All pictures must be left out as you transcribe the lines from the first line of the data to the line containing "Portrait of Churchill", both included.

- DATA BELOW -
-- Opening Marker --

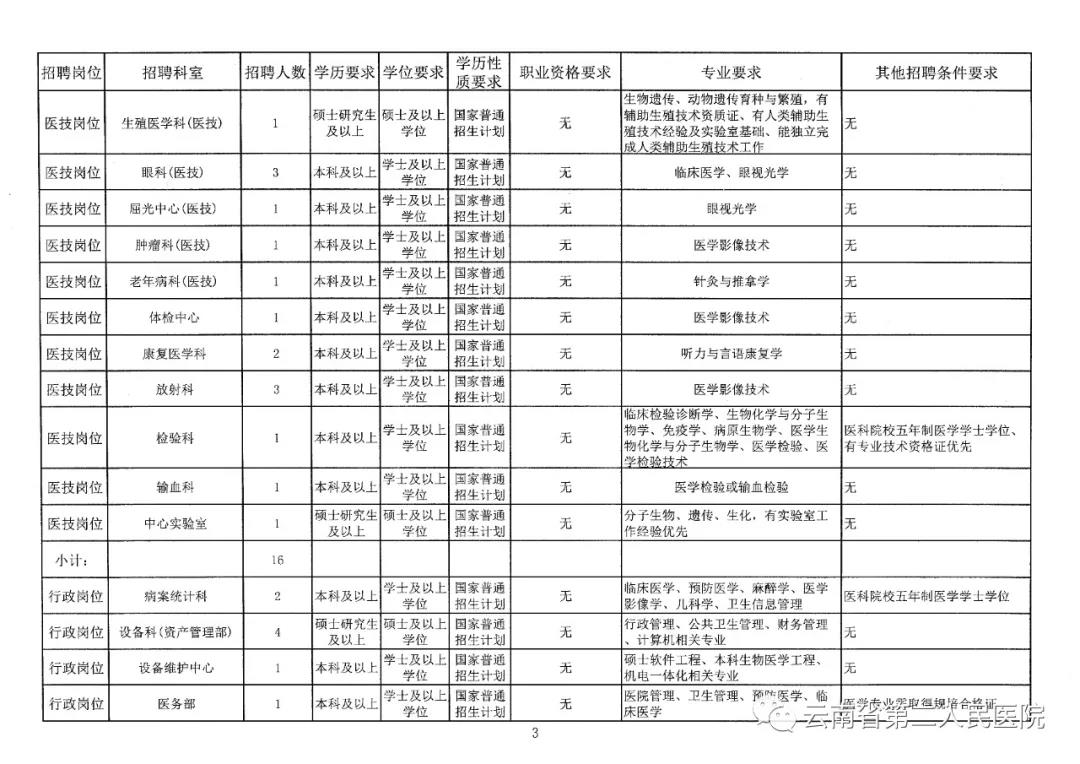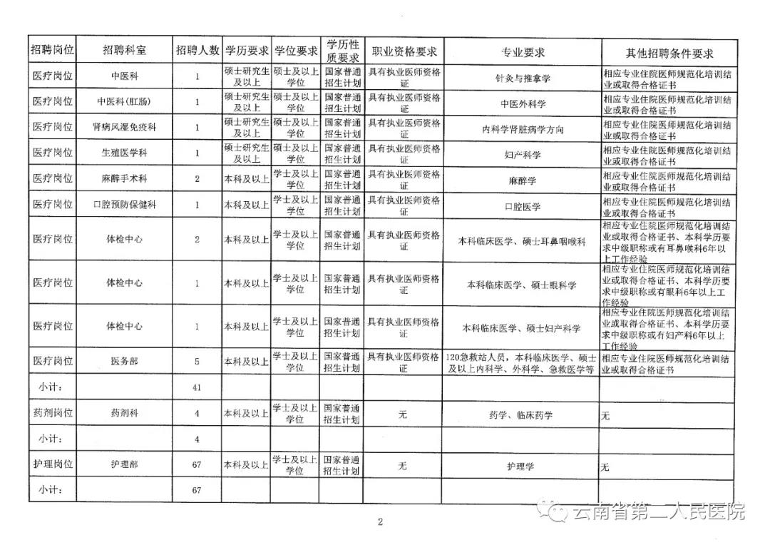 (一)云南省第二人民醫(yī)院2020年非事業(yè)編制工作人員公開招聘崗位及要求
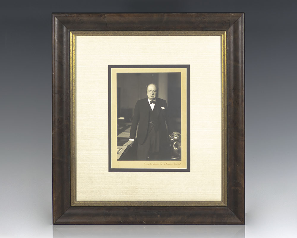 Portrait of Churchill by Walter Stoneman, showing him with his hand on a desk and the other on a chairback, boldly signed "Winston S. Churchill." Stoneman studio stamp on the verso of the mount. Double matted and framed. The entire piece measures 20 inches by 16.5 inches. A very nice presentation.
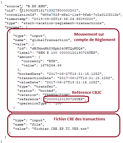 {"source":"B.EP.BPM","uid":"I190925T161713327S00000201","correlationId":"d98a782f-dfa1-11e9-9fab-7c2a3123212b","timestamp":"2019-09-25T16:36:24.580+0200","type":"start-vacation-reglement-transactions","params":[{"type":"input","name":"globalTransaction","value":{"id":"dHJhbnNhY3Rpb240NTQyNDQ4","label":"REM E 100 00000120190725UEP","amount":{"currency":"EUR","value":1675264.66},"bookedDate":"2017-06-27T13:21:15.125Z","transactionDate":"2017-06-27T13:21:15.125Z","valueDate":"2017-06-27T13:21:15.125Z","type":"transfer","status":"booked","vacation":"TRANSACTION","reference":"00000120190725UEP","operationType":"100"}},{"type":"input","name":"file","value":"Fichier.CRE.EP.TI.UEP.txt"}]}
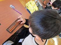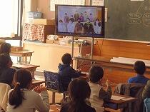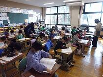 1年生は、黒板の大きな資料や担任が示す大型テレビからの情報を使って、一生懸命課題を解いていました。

-- Closing Marker --

- TASK ANSWER -
 (一)云南省第二人民醫(yī)院2020年非事業(yè)編制工作人員公開招聘崗位及要求
 Portrait of Churchill by Walter Stoneman, showing him with his hand on a desk and the other on a chairback, boldly signed "Winston S. Churchill." Stoneman studio stamp on the verso of the mount. Double matted and framed. The entire piece measures 20 inches by 16.5 inches. A very nice presentation.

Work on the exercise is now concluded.